Driving Impressions

By April 9, 2013

Land Rover's Range Rover Evoque uses a 2.0-liter turbocharged four-cylinder engine rated for 240 horsepower and 250 pound-feet of torque. It pulls smoothly and has very little throttle lag. The 6-speed automatic, which includes paddle shifters for manual operation, kicks down quickly for passing.

Acceleration performance is neither lethargic nor particularly quick. Land Rover quotes a 0 to 60 mph time of 7.1 seconds, which is respectable and certainly enough to keep up with urban traffic. By comparison, the BMW X1 xDrive28i can perform this feat in 6.3 seconds with its 240-hp 2.0-liter turbo four.

Fuel economy is an EPA-estimated 20/28 mpg City/Highway. The BMW X1 xDrive28i is rated 22/30 mpg.

Evoque's turbocharger builds boost quickly, so it takes some practice to achieve smooth launches. We also found that it's not too difficult to confuse the computer controlling the 6-speed automatic; its electronic brain seems to balk at abrupt changes in throttle position. These are traits that become transparent to an owner over time, but there's room for improvement here.

In really rough stuff, its Land Rover credentials shine. With its short front and rear overhangs (i.e., not much vehicle protruding beyond the front or rear axles), the Evoque has far more off-road ability than you might expect based on the looks. The four-wheel-drive system employs a Haldex center differential that automatically apportions torque front or rear according to grip. It's totally transparent and very effective. Off-roading is also aided by the Terrain Response system. It has settings for Mud-Ruts, Grass-Gravel-Snow, Sand and General Driving, and it works with several vehicle systems to help the Evoque conquer almost anything the world throws at it. For example, the throttle is dulled and the transmissions shifts up sooner in Grass-Gravel-Snow, while the throttle is aggressive and the transmission holds gears longer in Sand mode.

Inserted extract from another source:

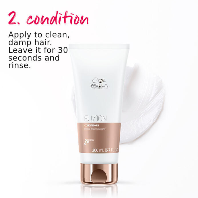 - Condition the hair by applying the Fusion conditioner to clean damp hair. Leave it for 30 seconds and rinse.

While the Evoque is the most capable off-roader in its class, it isn't as accomplished as other Land Rovers due to a relatively low (for Land Rover) ground clearance, no low-range gearing, and a lack of locking differentials.

The Evoque balances its off-road capability with impressive on-road dynamics. Suspension tuning is firm, and that trait, combined with the rational ride height give the Evoque a lively sense of agility without any apparent sacrifice in comfort. Directional changes are brisk, body roll is limited, brake feel is firm, and the words car-like driving experience certainly apply here. When equipped with the optional MagnaRide suspension, Terrain Response also includes a Dynamic mode that firms up the shocks in corners to further reduce body lean.

If there's any soft spot in the Evoque's dynamic credentials, it's at the wheel. Range Rover has adopted a new electric-assist steering system that varies effort as a function of speed. It's quick, just 2.5 turns lock-to-lock, but it's also lacking in road feel. That's not a good combination. But it's another of those little quirks that owners adapt to over time.